Not that I have anything against Gustav Mahler, the recipient of Tortelier’s barbs – even if he didn’t write any cello music and even if it is necessary to severely curtail the intake of fluid before attending (and especially before playing) one of his lengthier offerings.

But the classical music world’s dedicated following of fashion neither helps its cause nor, most importantly, its audience. Half a century ago Rachmaninov was the highest profile victim of the classical fashion stakes. For years his music was regarded as being little more than fin-de-siecle schmaltz: his Second Piano Concerto was dismissed as “a mournful banqueting on jam and honey” at its New York premiere. Today his stock rides high – this summer’s Proms season features all four of his piano concertos, both symphonies and a host of other works including his remarkable Vespers (All Night Vigil). But those with a taste for Cesar Franck, for example, will have to wait a long time to hear any of his music in the concert hall. Franck’s Violin Sonata maintains a tenuous hold on the repertoire but whatever has happened to the once ubiquitous Symphony or the fine Symphonic Variations for Piano and Orchestra?

Franck is a good example of a once popular composer who has been all-but expunged from the repertory. Perceived wisdom has it that his music – like Rachmaninov’s before him – is too indulgent and lacks subtlety: in a word it is too ‘cheesy’. Do audiences agree? I don’t think so. But it is conductors who rule the roost and conductors who select the music we hear. And, being human – although Nigel Kennedy may disagree with me about that – they are hardly averse to choosing works that show off their podium skills.
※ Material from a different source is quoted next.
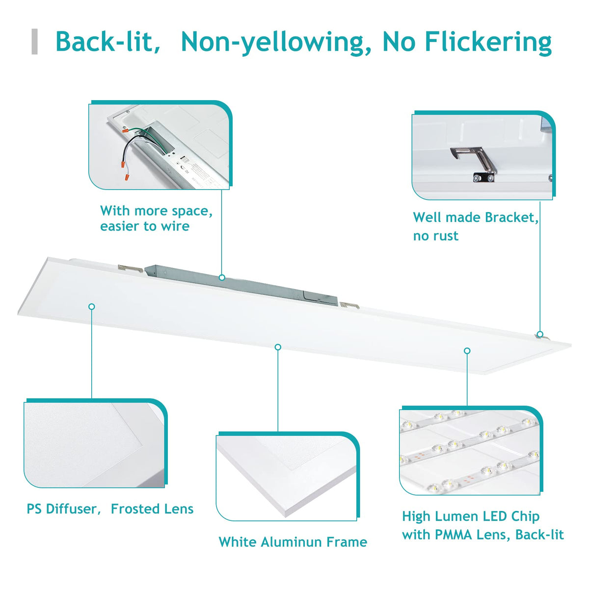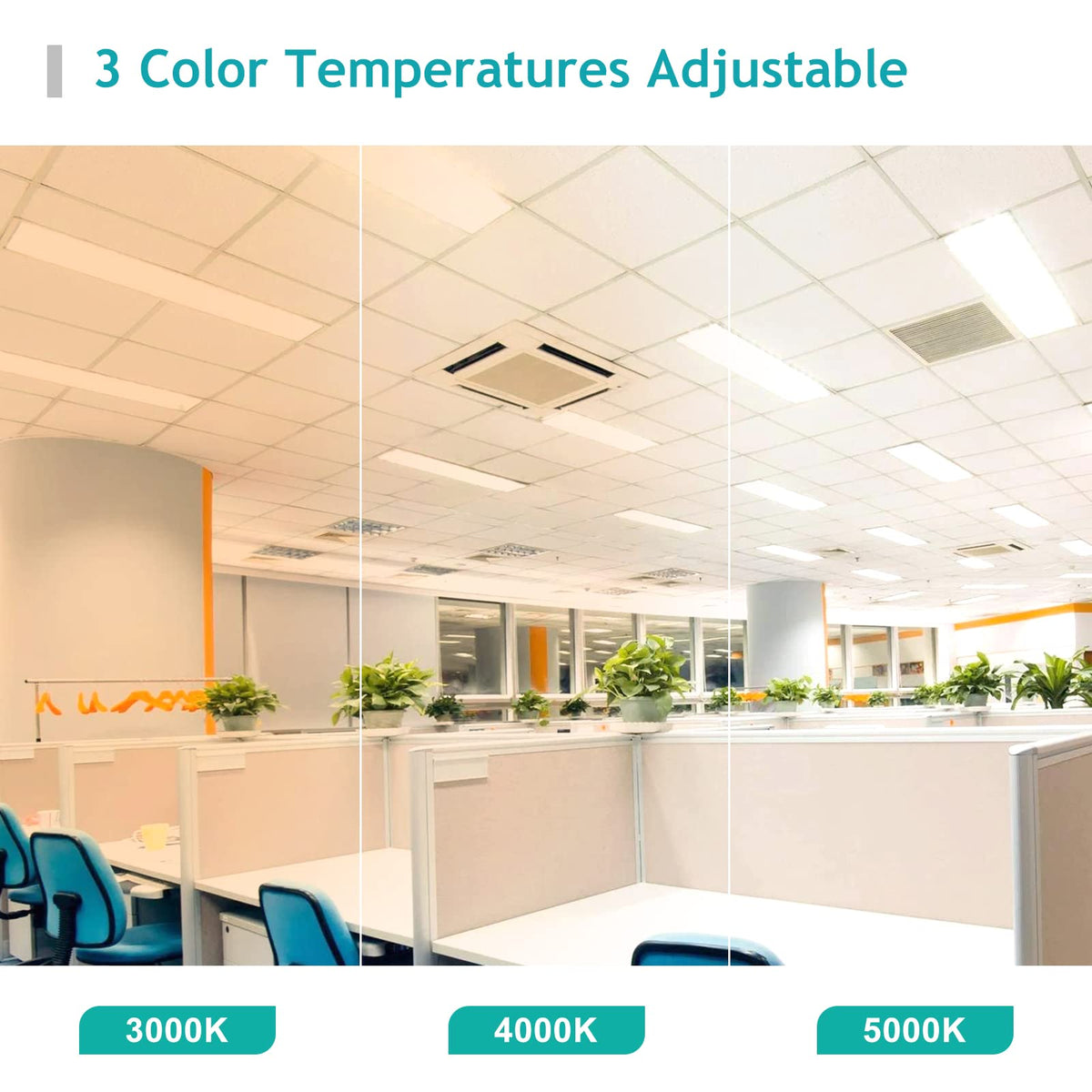 Q: What are the different color temperatures available for the VocgoUU LED Flat Panel Light?A: The VocgoUU 4-Pack LED Flat Panel Light offers three color temperature options: 5000K (cool white), 4000K (neutral white), and 3000K (warm white), allowing you to select the perfect ambiance for any space.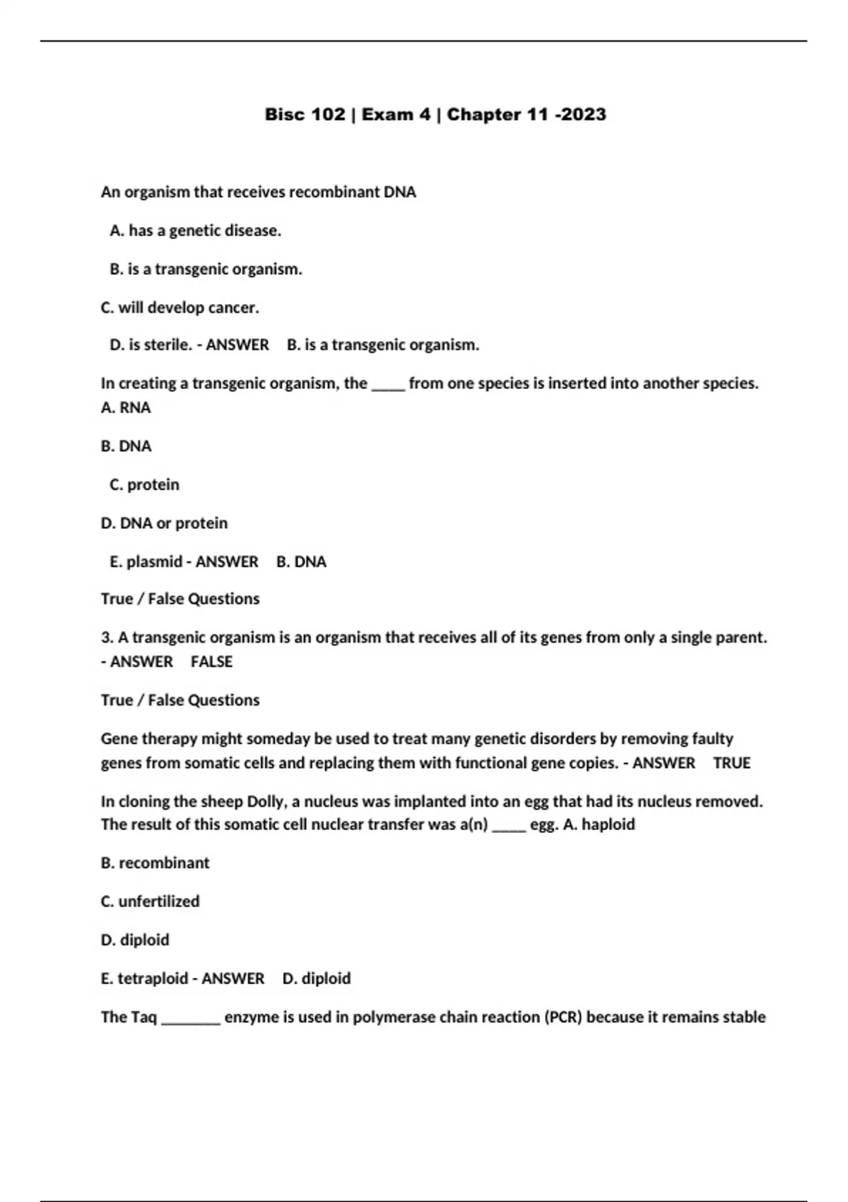 Bisc 102 | Exam 4 | Chapter 11 -2023...

Which is why Delius’ music barely gets a look in nowadays. Half a century ago conductors like Beecham, Barbirolli and Sargent had the confidence to slip in such tasty Delian morsels as ‘A Song Before Sunrise’ or ‘Summer Night On The River’ without worrying that the music ends quietly and there is no burst of applause at the finish.

But in case you are thinking that it’s only the romantics who suffer from classical music’s mood swings, consider the plight of those twentieth century titians Honegger and Hindemith. Perhaps their contrapuntal complexities do not suit every palette but their music hardly deserves such total neglect. Honegger once observed that “the first requirement for a composer is to be dead” but his idea of a good career move has singularly failed to bring his music to life. Even his once slightly popular overture Pacific 231 – a quirky piece depicting an express train – spends most of its time gathering dust in a siding.

Sometimes it seems as if the choice of music we hear in the concert hall is becoming ever more limited. But all is not lost. At the London Philharmonic conductor Vladimir Jurowski has been winning rave reviews for performances of Honegger’s large scale works and the new Proms supremo, Roger Wright has made some brave choices in his first season this summer – could anything be less fashionable than Ethel Smyth’s Concerto for Horn and Violin?(August 4).

Both Wright and Jurowski deserve applause for their enterprise as the classical canon – seven hundred years old and still growing – is far more than a restrictive ‘hall of fame’ and is filled with hidden treasures.